Restate the whole of the data below word for word, skipping the images.

+++ DATA RECORDS

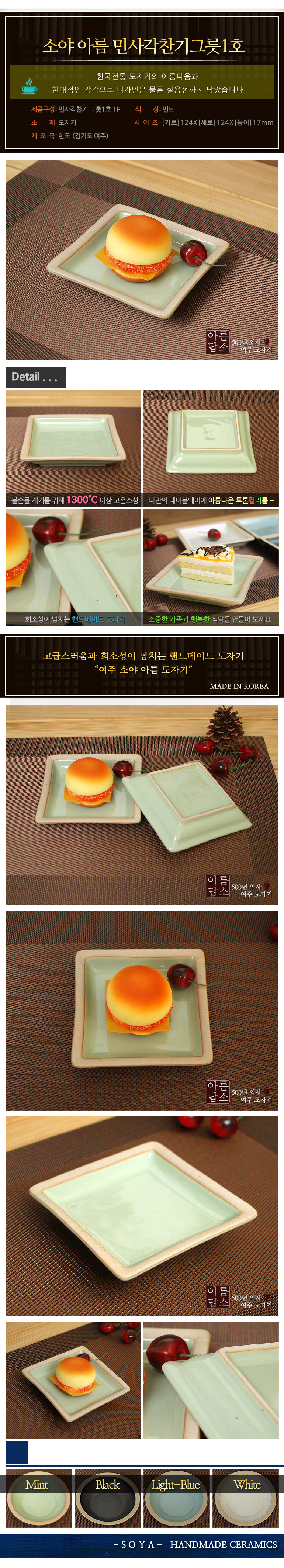 소야 아름 민트 민사각찬기 그릇 1호 이미지/
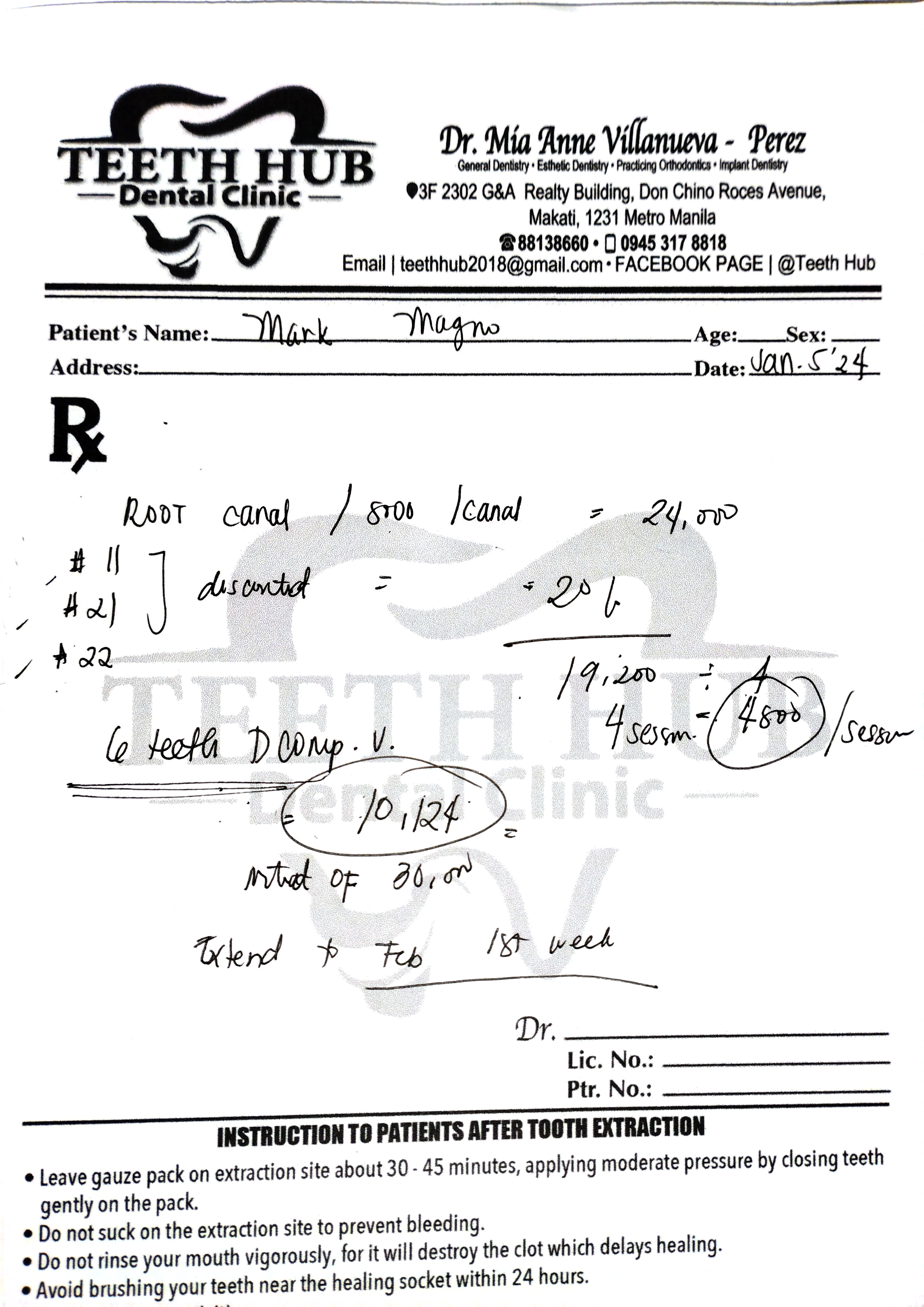 Edit Record Check our patient data records. Add patient information Patient Info Profile picture Last Name First Name Middle Name Birthdate Age Street Barangay City Country Zip Code Contact number Email Procedure 01/05/24 - check up EXO #34 ozone xray 01/14/24 RCT #11, 21, 22 1st open RCT DP 4800/month 02/04/24 RCT #11 - 29mm #21 - 26mm dressing: formacresol 02/07/24 RCT formocresol for obturation next meeting # 22 for pulpotomy 02/19/24 obturate #11, 21 veneers #13 to 23 pulpo #22 fiber #22 File img_20240105_163801.jpg File 2 File 3 File 4 File 5 File 6 File 7 File 8 File 9 File 10 File 11 File 12 File 13 File 14 File 15 File 16 File 17 File 18 File 19 File 20 Retain Record Retain Record Yes No Save Your Changes
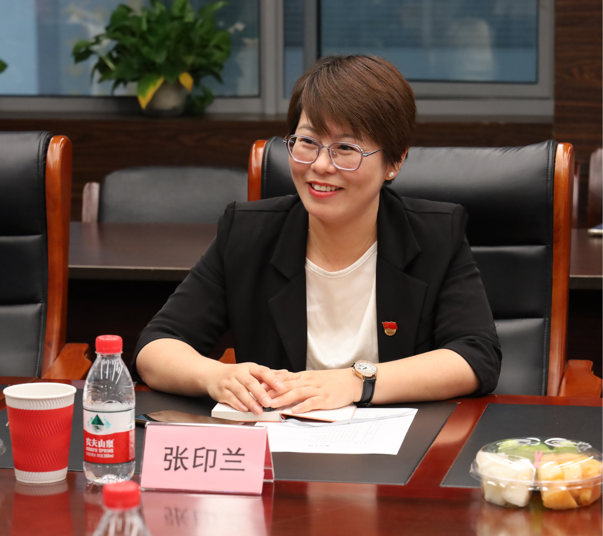 王瀚漓对上海大学张印兰组织员工作室一行的来访表示热烈欢迎。他指出,党的基层组织是确保党的路线方针政策和决策部署贯彻落实的基础,加强组织员队伍的交流合作,对于提升基层党建工作水平具有重要意义,希望双方以此次交流为契机,互学互鉴,共同为推动高校基层党建高质量创新发展贡献力量。
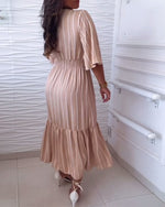 Lace-Trimmed Pleated Loose Dress
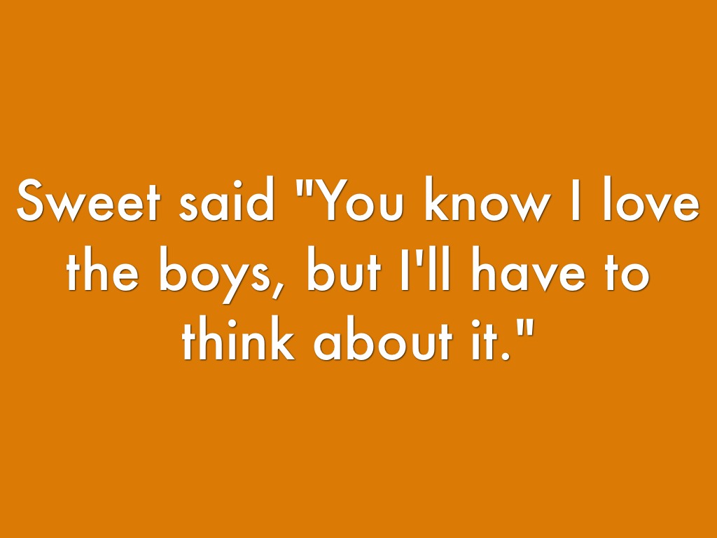 Sweet said "You know I love the boys, but I'll have to think about it."
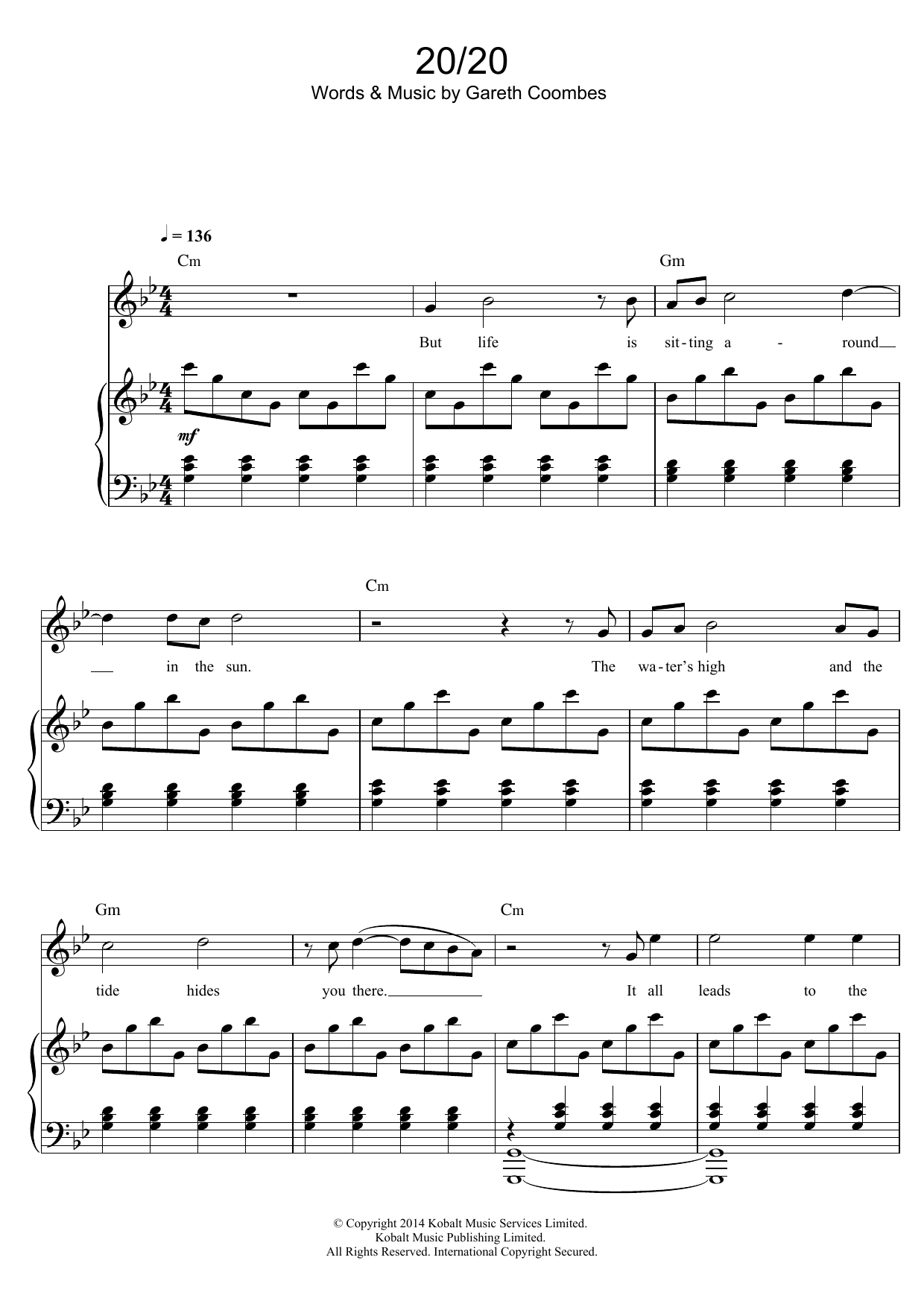 Download or print Gaz Coombes 20/20 sheet music, chords and digital score arranged for Piano & Vocal. This Alternative score includes 10 page(s).

++++++

### OUTPUT OF THE EXERCISE
 소야 아름 민트 민사각찬기 그릇 1호 이미지/
 Edit Record Check our patient data records. Add patient information Patient Info Profile picture Last Name First Name Middle Name Birthdate Age Street Barangay City Country Zip Code Contact number Email Procedure 01/05/24 - check up EXO #34 ozone xray 01/14/24 RCT #11, 21, 22 1st open RCT DP 4800/month 02/04/24 RCT #11 - 29mm #21 - 26mm dressing: formacresol 02/07/24 RCT formocresol for obturation next meeting # 22 for pulpotomy 02/19/24 obturate #11, 21 veneers #13 to 23 pulpo #22 fiber #22 File img_20240105_163801.jpg File 2 File 3 File 4 File 5 File 6 File 7 File 8 File 9 File 10 File 11 File 12 File 13 File 14 File 15 File 16 File 17 File 18 File 19 File 20 Retain Record Retain Record Yes No Save Your Changes
 王瀚漓对上海大学张印兰组织员工作室一行的来访表示热烈欢迎。他指出,党的基层组织是确保党的路线方针政策和决策部署贯彻落实的基础,加强组织员队伍的交流合作,对于提升基层党建工作水平具有重要意义,希望双方以此次交流为契机,互学互鉴,共同为推动高校基层党建高质量创新发展贡献力量。
 Lace-Trimmed Pleated Loose Dress
 Sweet said "You know I love the boys, but I'll have to think about it."
 Download or print Gaz Coombes 20/20 sheet music, chords and digital score arranged for Piano & Vocal. This Alternative score includes 10 page(s).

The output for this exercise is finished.